*** Data shown

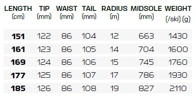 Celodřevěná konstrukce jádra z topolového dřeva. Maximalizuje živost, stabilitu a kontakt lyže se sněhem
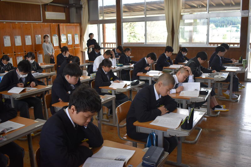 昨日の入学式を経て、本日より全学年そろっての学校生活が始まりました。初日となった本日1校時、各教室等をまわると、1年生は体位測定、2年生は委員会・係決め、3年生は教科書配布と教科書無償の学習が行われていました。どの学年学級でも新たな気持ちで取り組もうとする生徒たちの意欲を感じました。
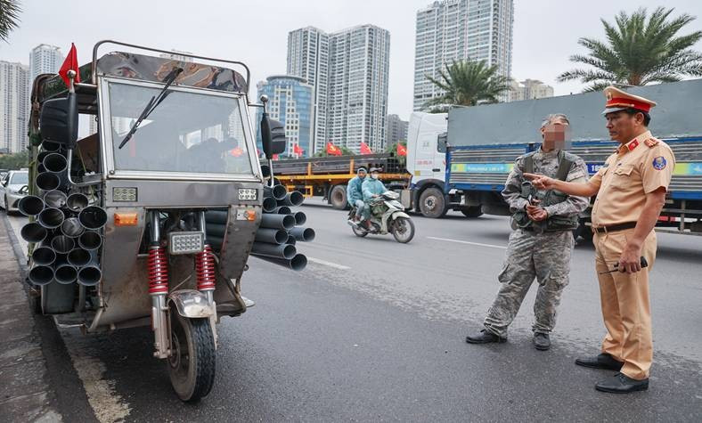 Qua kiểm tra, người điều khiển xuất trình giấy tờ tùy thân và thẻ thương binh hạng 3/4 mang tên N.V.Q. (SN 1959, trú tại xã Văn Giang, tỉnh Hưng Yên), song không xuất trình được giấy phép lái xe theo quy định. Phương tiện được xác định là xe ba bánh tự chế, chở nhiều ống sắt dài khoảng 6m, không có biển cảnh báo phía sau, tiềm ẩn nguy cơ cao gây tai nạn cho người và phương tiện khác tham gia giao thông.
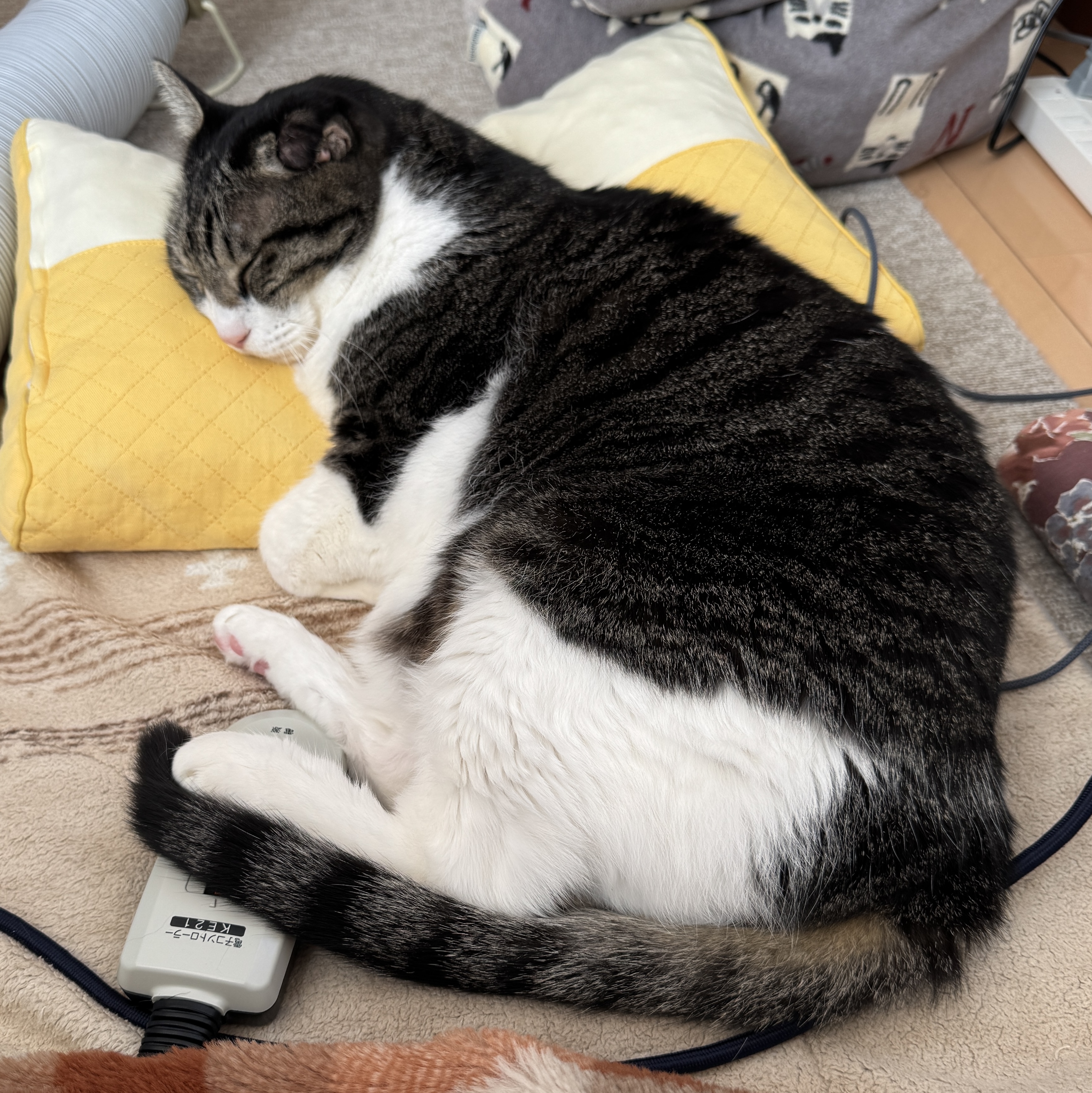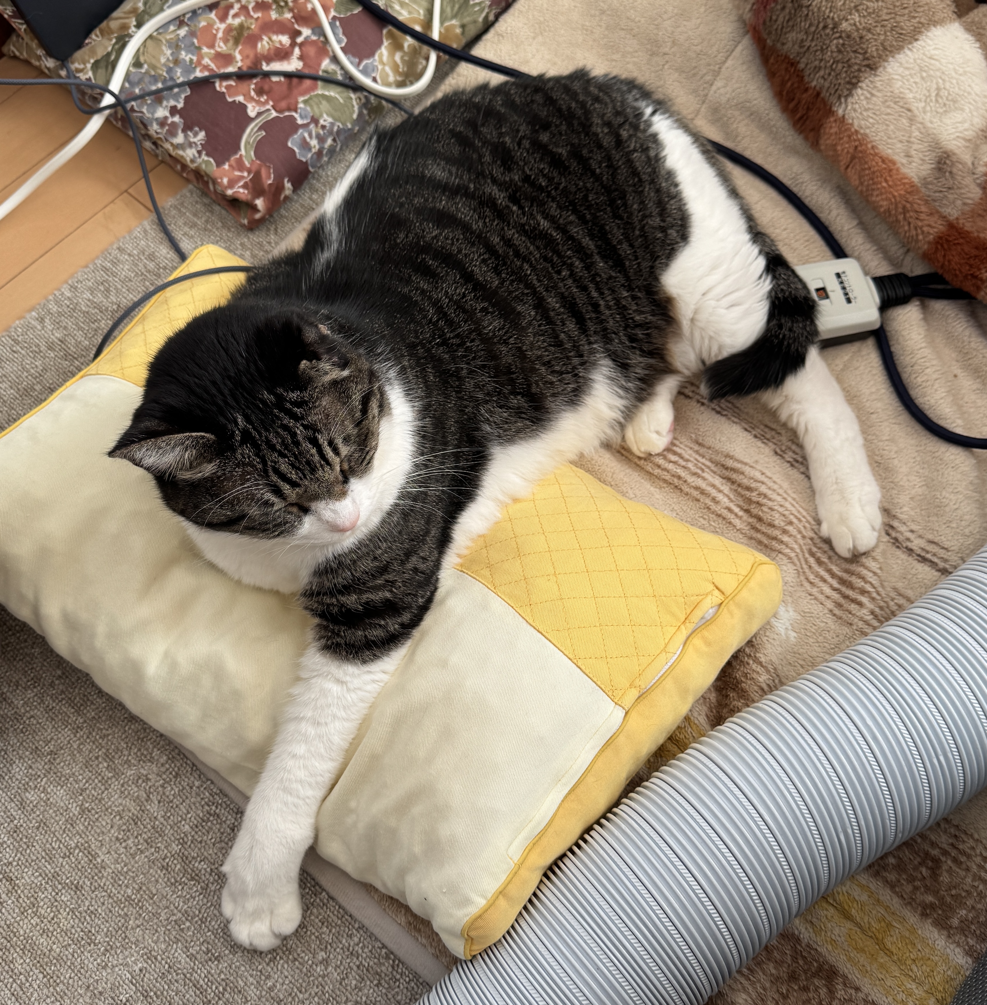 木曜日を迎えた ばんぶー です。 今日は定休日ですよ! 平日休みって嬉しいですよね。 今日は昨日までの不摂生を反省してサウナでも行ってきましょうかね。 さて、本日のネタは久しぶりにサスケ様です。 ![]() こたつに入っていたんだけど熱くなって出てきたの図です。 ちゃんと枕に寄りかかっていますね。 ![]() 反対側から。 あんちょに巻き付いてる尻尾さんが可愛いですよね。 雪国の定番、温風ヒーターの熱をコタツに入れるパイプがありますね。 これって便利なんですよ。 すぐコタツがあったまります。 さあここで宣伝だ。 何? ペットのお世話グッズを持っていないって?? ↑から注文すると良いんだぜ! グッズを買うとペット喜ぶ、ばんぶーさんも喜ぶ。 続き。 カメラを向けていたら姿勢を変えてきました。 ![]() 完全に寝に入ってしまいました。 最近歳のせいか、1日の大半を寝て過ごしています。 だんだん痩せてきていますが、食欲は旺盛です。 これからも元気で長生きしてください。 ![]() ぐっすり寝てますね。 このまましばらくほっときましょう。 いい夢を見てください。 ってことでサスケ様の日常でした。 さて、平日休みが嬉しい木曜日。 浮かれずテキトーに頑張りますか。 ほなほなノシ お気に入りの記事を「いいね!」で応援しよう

******
*** Data shown

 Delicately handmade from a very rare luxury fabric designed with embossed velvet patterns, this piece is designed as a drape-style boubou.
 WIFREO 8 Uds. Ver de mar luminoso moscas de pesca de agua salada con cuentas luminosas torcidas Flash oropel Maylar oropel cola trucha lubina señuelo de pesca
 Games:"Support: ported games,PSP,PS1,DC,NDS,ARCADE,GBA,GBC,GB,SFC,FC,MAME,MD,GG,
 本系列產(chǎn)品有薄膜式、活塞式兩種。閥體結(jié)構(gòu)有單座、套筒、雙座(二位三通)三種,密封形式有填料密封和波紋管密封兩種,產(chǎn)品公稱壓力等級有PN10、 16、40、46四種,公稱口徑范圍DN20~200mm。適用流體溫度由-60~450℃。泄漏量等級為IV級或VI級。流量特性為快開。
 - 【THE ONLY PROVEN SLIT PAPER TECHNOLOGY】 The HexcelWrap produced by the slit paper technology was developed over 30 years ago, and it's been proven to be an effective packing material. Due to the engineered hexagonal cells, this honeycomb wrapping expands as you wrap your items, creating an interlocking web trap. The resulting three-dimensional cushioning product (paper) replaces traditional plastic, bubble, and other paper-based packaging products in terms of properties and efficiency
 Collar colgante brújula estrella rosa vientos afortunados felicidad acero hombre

******
*** Data shown

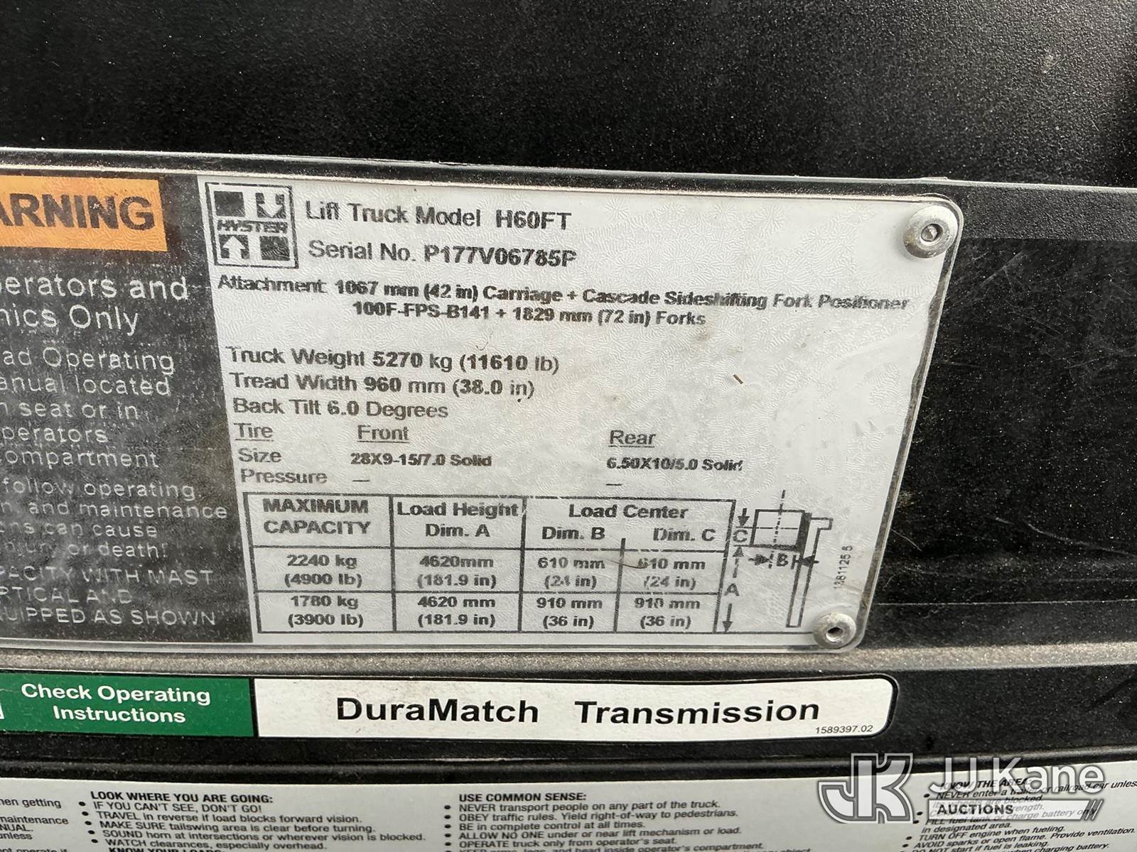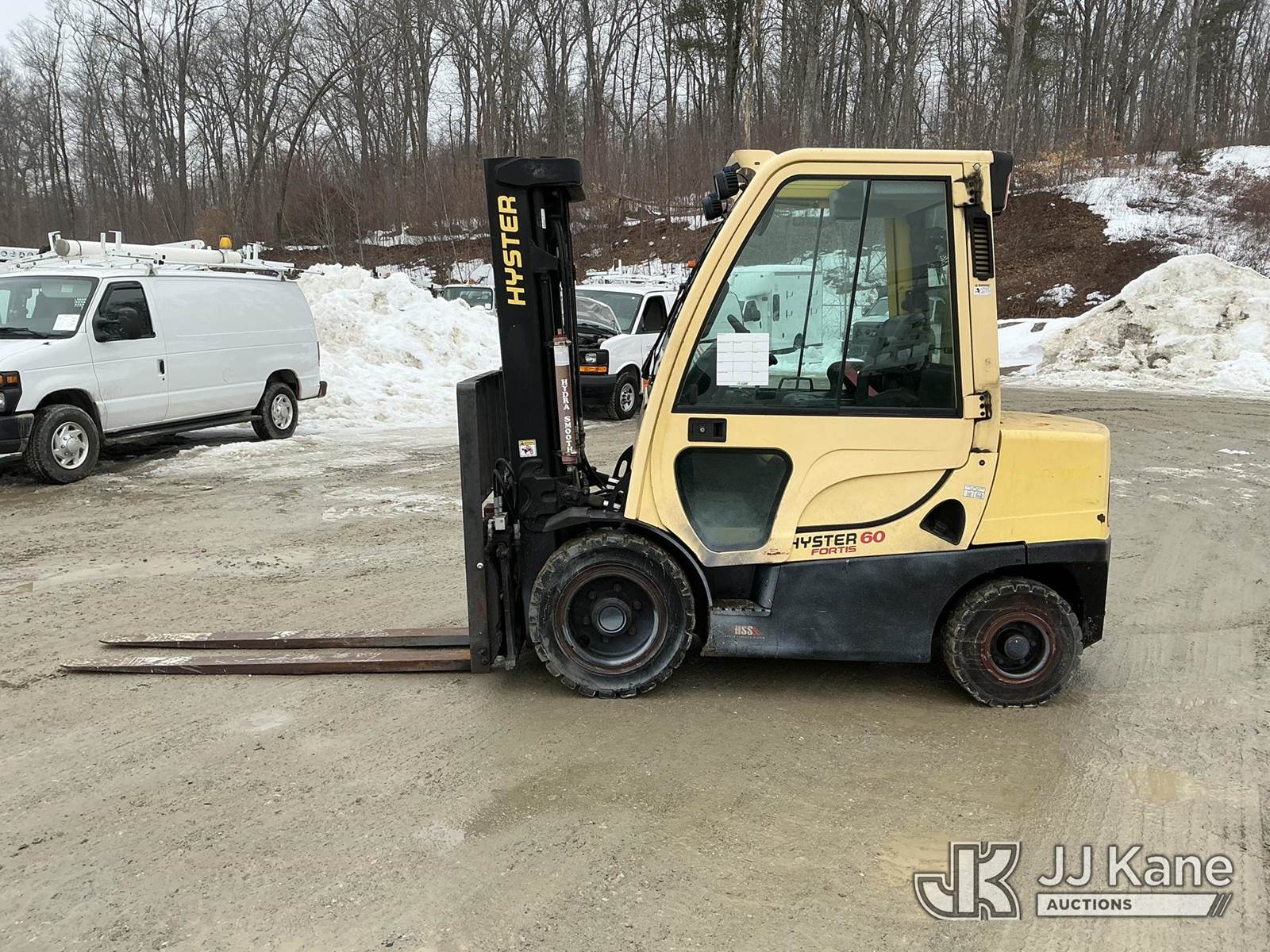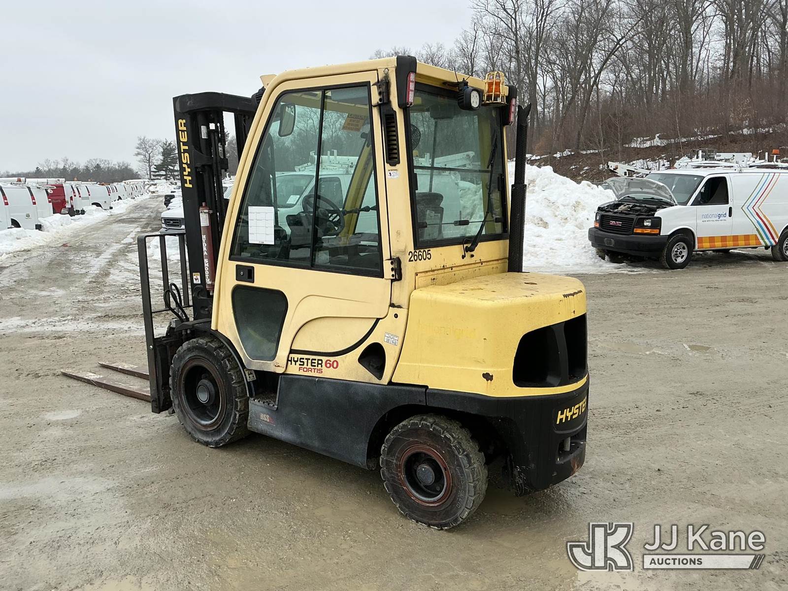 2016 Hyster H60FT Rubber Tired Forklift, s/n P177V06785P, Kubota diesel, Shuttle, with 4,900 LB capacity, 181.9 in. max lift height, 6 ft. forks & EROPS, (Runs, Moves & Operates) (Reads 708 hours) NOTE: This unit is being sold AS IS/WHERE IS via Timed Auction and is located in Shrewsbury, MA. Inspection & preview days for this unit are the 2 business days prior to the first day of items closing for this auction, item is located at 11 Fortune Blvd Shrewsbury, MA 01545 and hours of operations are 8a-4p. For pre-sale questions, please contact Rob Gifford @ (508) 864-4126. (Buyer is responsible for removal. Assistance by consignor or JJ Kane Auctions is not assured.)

******

Requirement.
In the material above, the stretch from the line with "Celodřevěná konstrukce jádra" through the line with "昨日の入学式を経て、本日より" is to be given again exactly, minus the pictures.

Result.
 Celodřevěná konstrukce jádra z topolového dřeva. Maximalizuje živost, stabilitu a kontakt lyže se sněhem
 昨日の入学式を経て、本日より全学年そろっての学校生活が始まりました。初日となった本日1校時、各教室等をまわると、1年生は体位測定、2年生は委員会・係決め、3年生は教科書配布と教科書無償の学習が行われていました。どの学年学級でも新たな気持ちで取り組もうとする生徒たちの意欲を感じました。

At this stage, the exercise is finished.